Content analysis of survey data
We conducted a content analysis of responses to the two open-ended questions addressing the pandemic obtained in the survey [27, 28]. We employed both qualitative and quantitative analysis to provide a richer interpretation of the data. The inductive or qualitative content analysis captures themes that emerge from the data, whereas the deductive or quantitative content analysis begins with predetermined codes informed by theory and the qualitative findings [29]. In line with an exploratory sequential approach [30, 31], responses were first qualitatively analyzed for emergent themes. Those findings then informed the coding approach for the quantitative content analysis.
Qualitative analysis
To answer RQ1, a thematic analysis was conducted by two authors using the widely validated, rigorous constant comparative method (CCM) [32, 33]. From this approach, data were constantly compared for emergent themes and further analyzed to provide rich descriptions and properties of those themes. Data were initially kept separate for each survey item; however, analyses revealed early on that participants’ responses to both survey items overlapped significantly. As such, data analysis was collapsed to explore changes in caregivers’ experiences due to the pandemic. Analytical steps for CCM included (a) immersing oneself in the data by constantly reading and comparing participants’ responses, (b) identifying concepts and assigning codes to text in responses, (c) grouping categories of emergent themes, and (d) collapsing categories based on shared characteristics or thematic properties.

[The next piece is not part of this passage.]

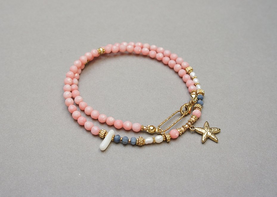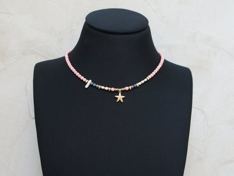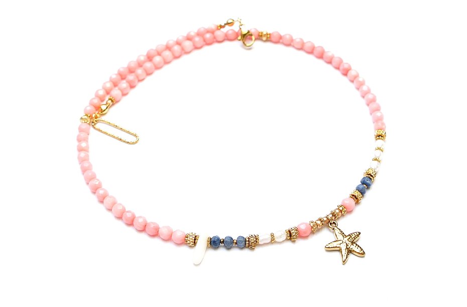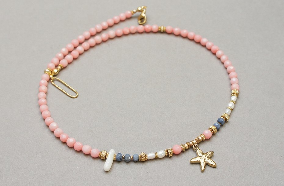 Krótki, delikatny naszyjnik wykonany w całości z pozłacanej stali szlachetnej, naturalnego różowego korala fasetowanego [4mm], oponek niebieskiego korala [3x2mm], pereł słodkowodnych [6mm], hematytu fasetowanego, platerowanego o matowej powłoce [4x2mm, 3x2mm oraz 2mm], nieregularnego, białego korala w kształcie patyczka, przekładek z hematytu [1mm]. Naszyjnik o długości ok. 43cm. Biżuteria ozdobnie zapakowana.

Once a codebook was developed by the first author (C.F.), another author (A.K.) conducted an analysis of the full data set using the codebook to validate the themes and further ensure rigor [34]. Both coders also independently analyzed the data for severity in response to more fully appreciate that participants’ experiences ranged in severity. This included searching for words indicating severity (e.g., heartbreaking, regret, panic, anxiety, and devastating) to identify which themes used such language as well as the frequency of responses within those themes that included this language.
Quantitative analysis
To further understand caregivers’ experiences of uncertainty, the quantitative analysis (RQ2–3) was informed by UMT theoretical constructs. Specifically, we drew upon several typologies from the literature on UMT to develop the units of coding/codebook for the current study (see Fig. 1). The categories for sources of uncertainty during COVID-19 were derived from work by Brashers et al. [15, 17, 19]. The uncertainty management strategies category was developed using typologies from previous work [18, 26], including both information-seeking and avoidance strategies. Sources of medical uncertainty were drawn from UMT-related work by Dean and Street [35] that examined uncertainty in clinical encounters. Finally, the authors developed an “other sources of uncertainty related to COVID-19” category to code comments regarding uncertainty about the duration of the COVID-19 pandemic and caregiver/parent susceptibility to COVID-19.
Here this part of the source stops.